Amiodarone has been the first line therapy for VT/VF since 2000. At that time it replaced Lidocaine as the drug of choice, in the resuscitation guidelines. Lidocaine however made a comeback in 2018 and now either is recommended for use. Is one better than the other? Most studies have found that there is no real difference between the two. However most of the studies are for out-of hospital cardiac arrest (OHCA). There is much less in the literature relating to in-hospital cardiac arrest (IHCA).

Should we treat the in-hospital patient differently when they arrest to those who arrest out of hospital? Should the patient who arrests in the resuscitation bay be treated differently to that patient who arrests at home? We don’t really know the answer. This is why looking at this new study (1), is important.

Bottom Line

What they found was that adult patients with IHCA secondary to VT/VF who receive defibrillation and are treated with Lidocaine, have a statistically significant benefit in terms of 24 hour survival and discharge with a favourable neurological outcome.
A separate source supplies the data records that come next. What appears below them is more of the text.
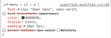 miaweb Posted July 24, 2016 Author Share Posted July 24, 2016 (edited) .sf-menu > li > a { font: 600 18px/22px "Open Sans", sans-serif; text-transform: uppercase; color: #484848; display: block; padding: 17px 20px; border-bottom: 3px solid #e9e9e9; } .sf-menu > li.sfHover > a, .sf-menu > li > a:hover, .sf-menu > li.sfHoverForce > a { background: #333; border-bottom-color: #666666; color: #fff; } AHORA SI YA ENCONTRE EL ARCHIVO!!!.... ...sh-modified.css TEMA CERRADO!!!...TEMA SOLUCIONADO!!!... Edited July 24, 2016 by miaweb (see edit history) 1 Link to comment Share on other sites More sharing options...
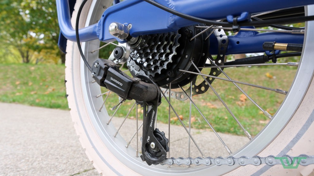 Côté cycle, Gaya reste sur une transmission à chaîne avec un dérailleur Shimano Tourney 7 vitesses et des shifters à gâchettes. Une transmission d’entrée de gamme qui est bien réglée et fait le job malgré tout. Avec une cassette 11-28, on conserve une aisance de pédalage sur toute la plage d’assistance du vélo et même un peu au-delà des 25 km/h pour l’accompagner en descente, jusqu’à 30-35 km/h environ.
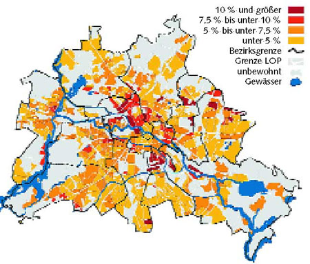 Die räumliche Verteilung der Leerstände hat sich in den letzten fünf Jahren jedoch von den östlichen Stadtrandgebieten Stück für Stück in die westlichen Innenstadtgebiete verschoben. Im Jahr 2003 wies noch der Bezirk Marzahn-Hellersdorf mit 8,3 Prozent die höchste Leerstandsquote auf. Bis heute konnte hier der Leerstand – vor allem durch den Abriss tausender Wohnungen – auf 6,3 Prozent reduziert werden. Seit drei Jahren hat hingegen der Bezirk Mitte mit aktuell 8 Prozent die höchste Quote, gefolgt von Neukölln mit 6,7 Prozent und steigender Tendenz. Die Bezirke mit dem geringsten längerfristigen Leerstand sind Reinickendorf mit 4,4 Prozent und Lichtenberg mit 4,5 Prozent.
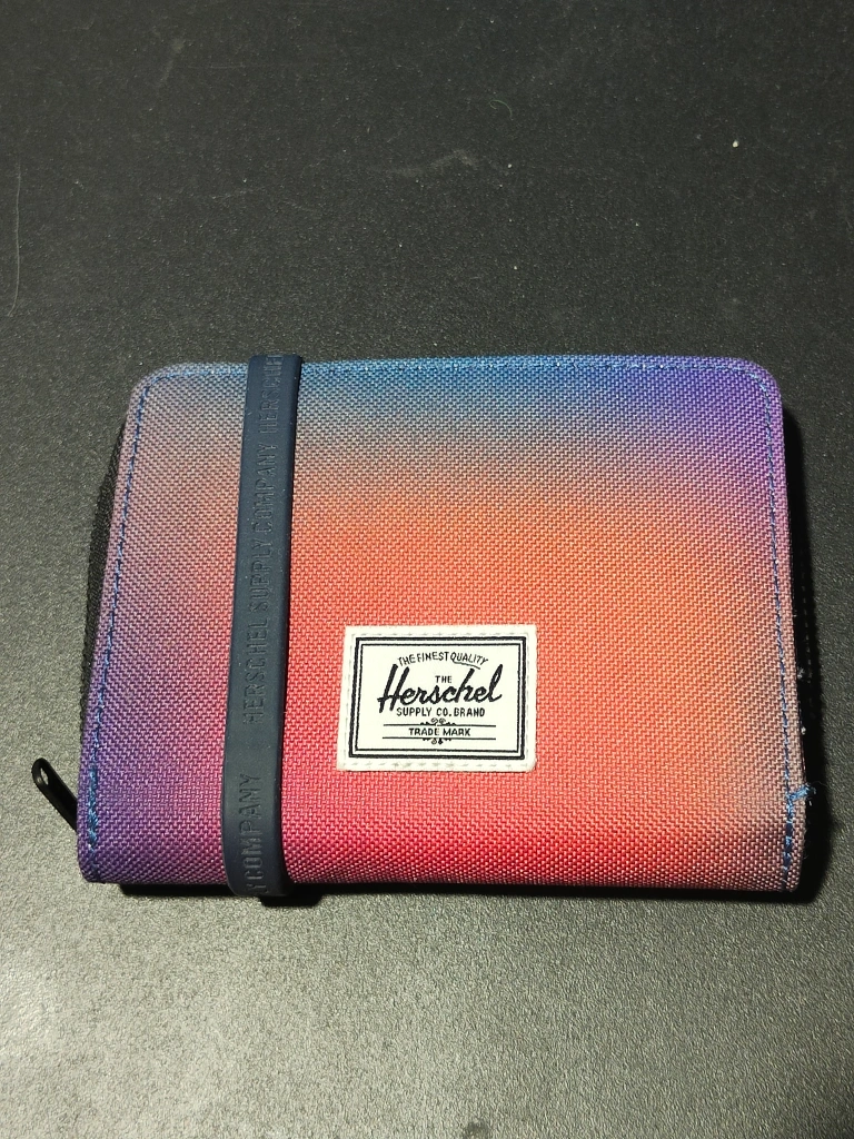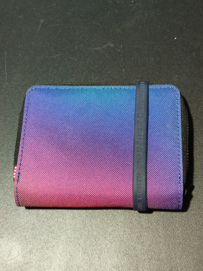 Herschel wallet in gradient colours pink to purple. Comes with a wrist strap.
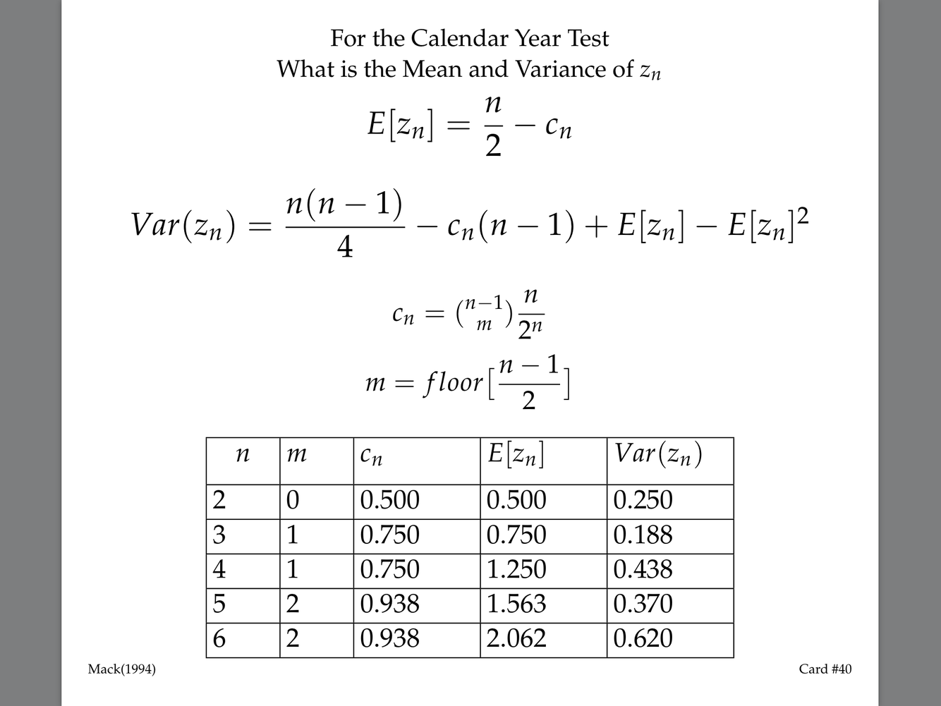 For the calendar year test, what is the mean and variance of Zn?
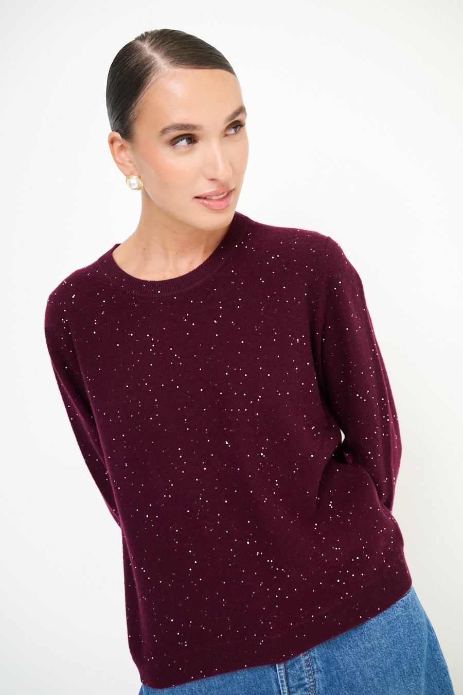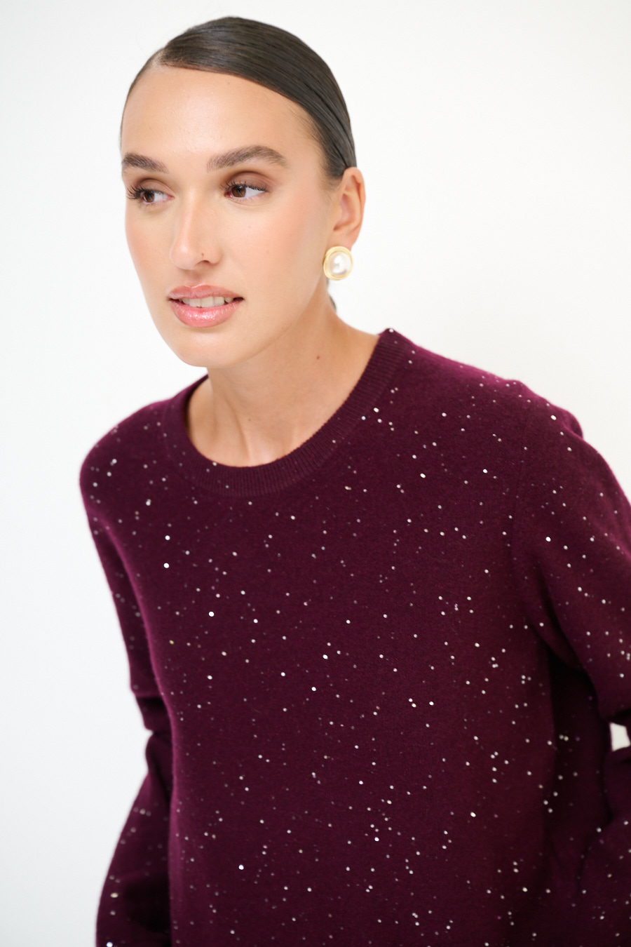 MAGLIA PARICOLLO MICROPAILLETTES LANA CACHEMIRE VINO
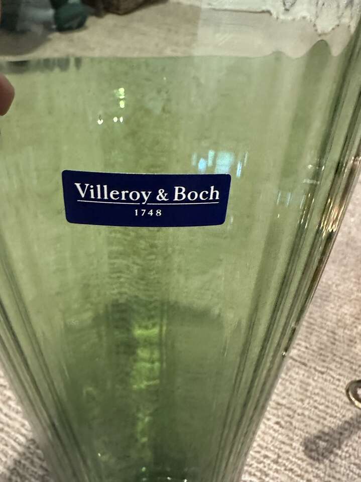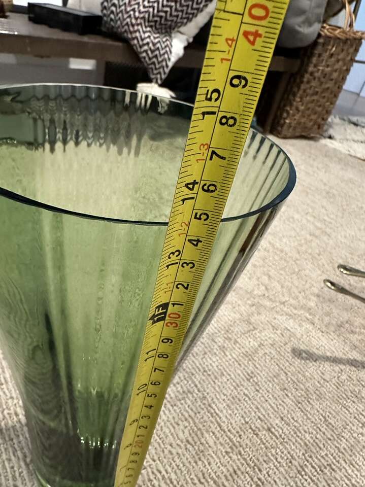 Beautiful green crystal tall vase. Great for a dynamic center piece
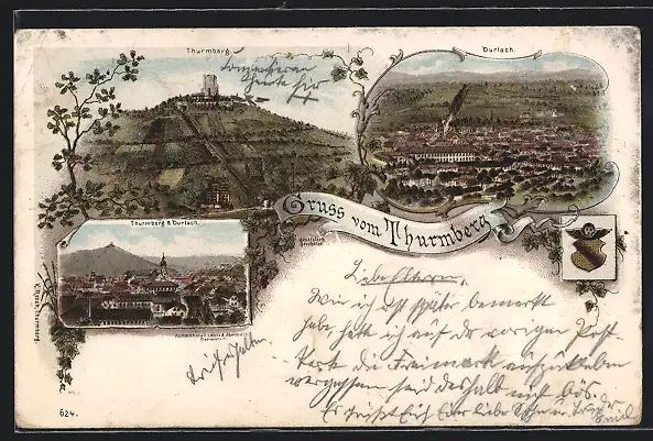 Lithographie Durlach, Panorama, Thurmberg
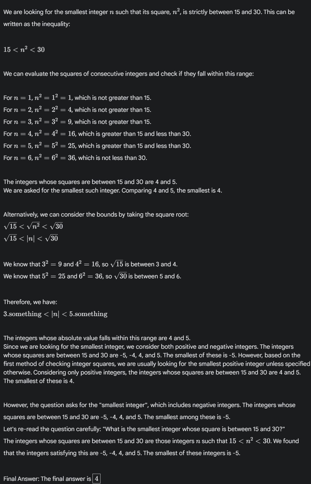 The phrasing of the question I now prefer is “What is the least integer whose square is between 15 and 30”, because that makes it unambiguous that the answer is −5 rather than 4. (This is a normal use of the word “least”, e.g. in competition math, that the model is familiar with.) This avoids ambiguity about which of −5 and 4 is “smaller”, since −5 is less but 4 is smaller in magnitude.
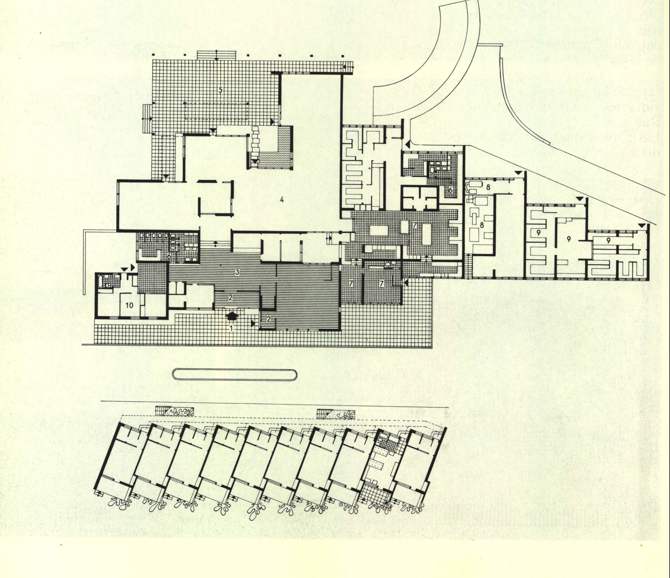 El conjunto de edificios se dispuso de forma que la sensación de horizontalidad fuera la más acusada. Las celosías aplicadas a los huecos de servicios generales y cuartos de baño subrayan esta horizontalidad. El paisaje presentaba escaso interés, siendo tan solo apreciables los alejados fondos montañosos a mediodía y levante, por lo que se crearon vistas inmediatas atractivas en el resto de orientaciones. Se cuidaron las formas de los diferentes cuerpos con el objeto de que, aun respondiendo a un todo homogéneo de gran sencillez, resultara un juego variado de volúmenes. Las comunicaciones peatonales y vehiculares, al igual que las zonas verdes, unifican el complejo y sirven de aglutinante. Todas las habitaciones dan y tienen vistas a las zonas ajardinadas.
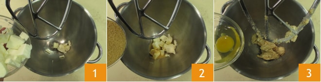 Para preparar os biscoitos bicolores, na tigela da batedeira, coloque a manteiga fria em cubos 1 e o açúcar mascavo 2. Trabalhe os ingredientes com a pá por alguns minutos, depois adicione o ovo em temperatura ambiente 3. Trabalhe até obter uma mistura homogênea.
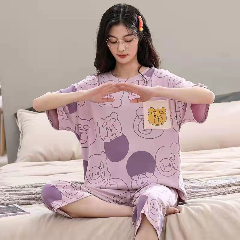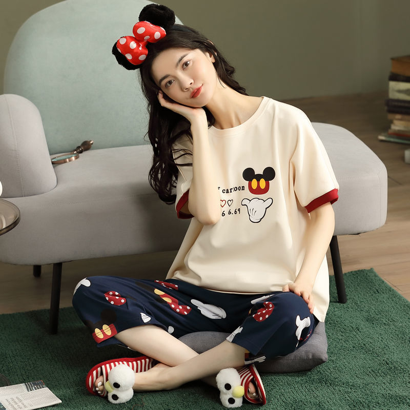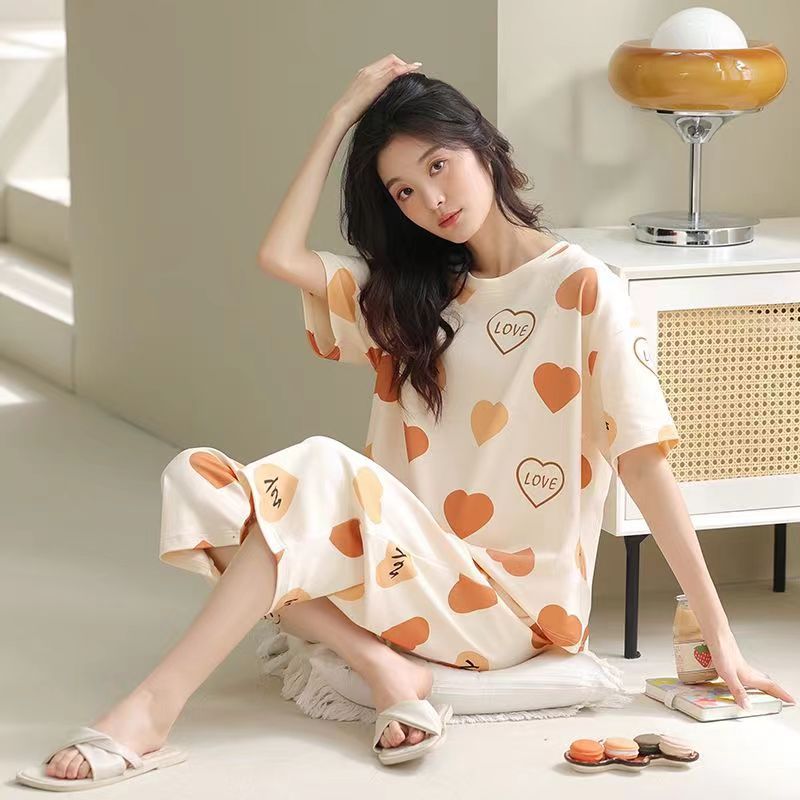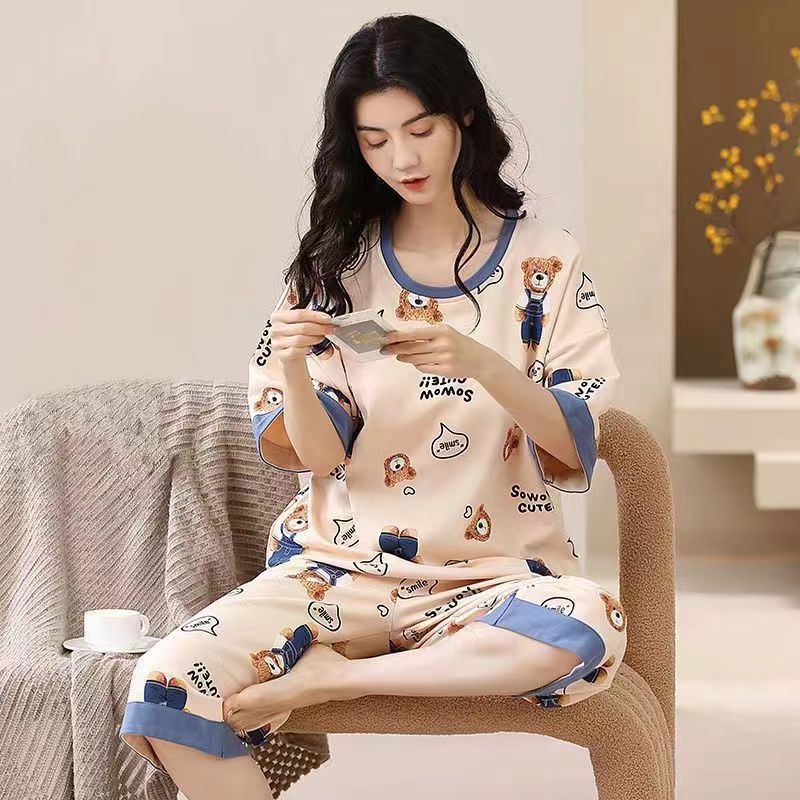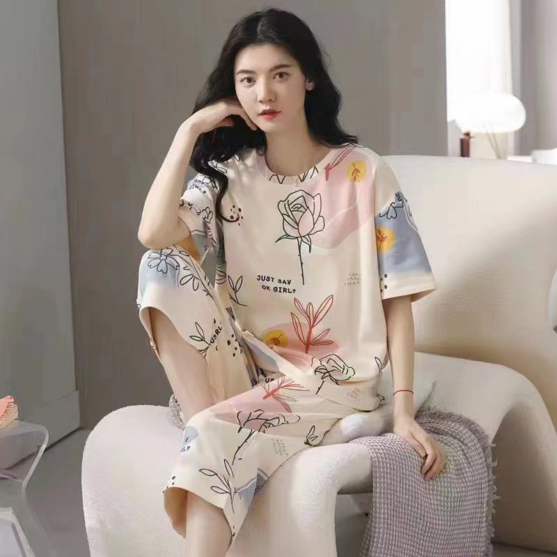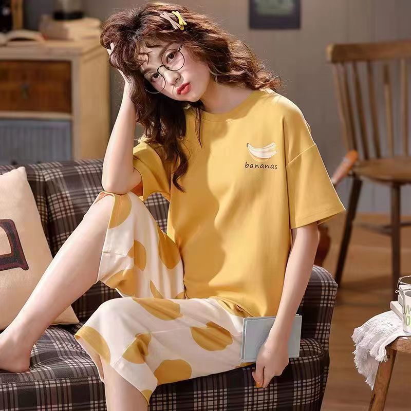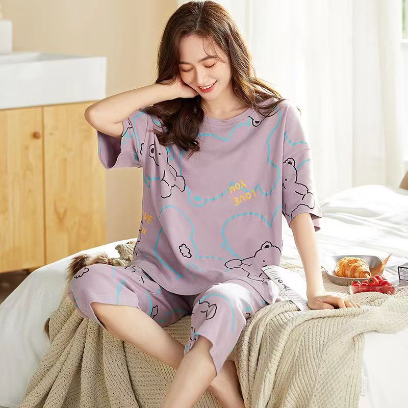 공장 직접 잠옷 여성 봄과 여름 자른 슬리브 바지 얇은 세트 플러스 사이즈 에어컨 의류 가정 옷은 외부에서 착용 할 수 있습니다.스토어 가기

Will it change our management? Let’s see what they did.

What they did

This is a multicenter prospective registry study, for IHCA.

n= 14630 patients with VT/VF who received either Amiodarone or Lidocaine.

Primary Outcome:
Return of Spontaneous Circulation (ROSC)

Secondary Outcomes:  

  • 24 hour survival
  • Survival to Hospital Discharge
  • Discharge with favourable neurological outcome

68.7% of patients received Amiodarone
31.3% of patients receive Lidocaine


Lidocaine was no better than Amiodarone for ROSC, but showed statistically significant improvements over Amiodarone,  in survival to discharge and survival with favourable neurological outcome.

My Take on This

This was a registry study and I’m always cautious about interpreting these, as registry studies don’t always give us an accurate representation.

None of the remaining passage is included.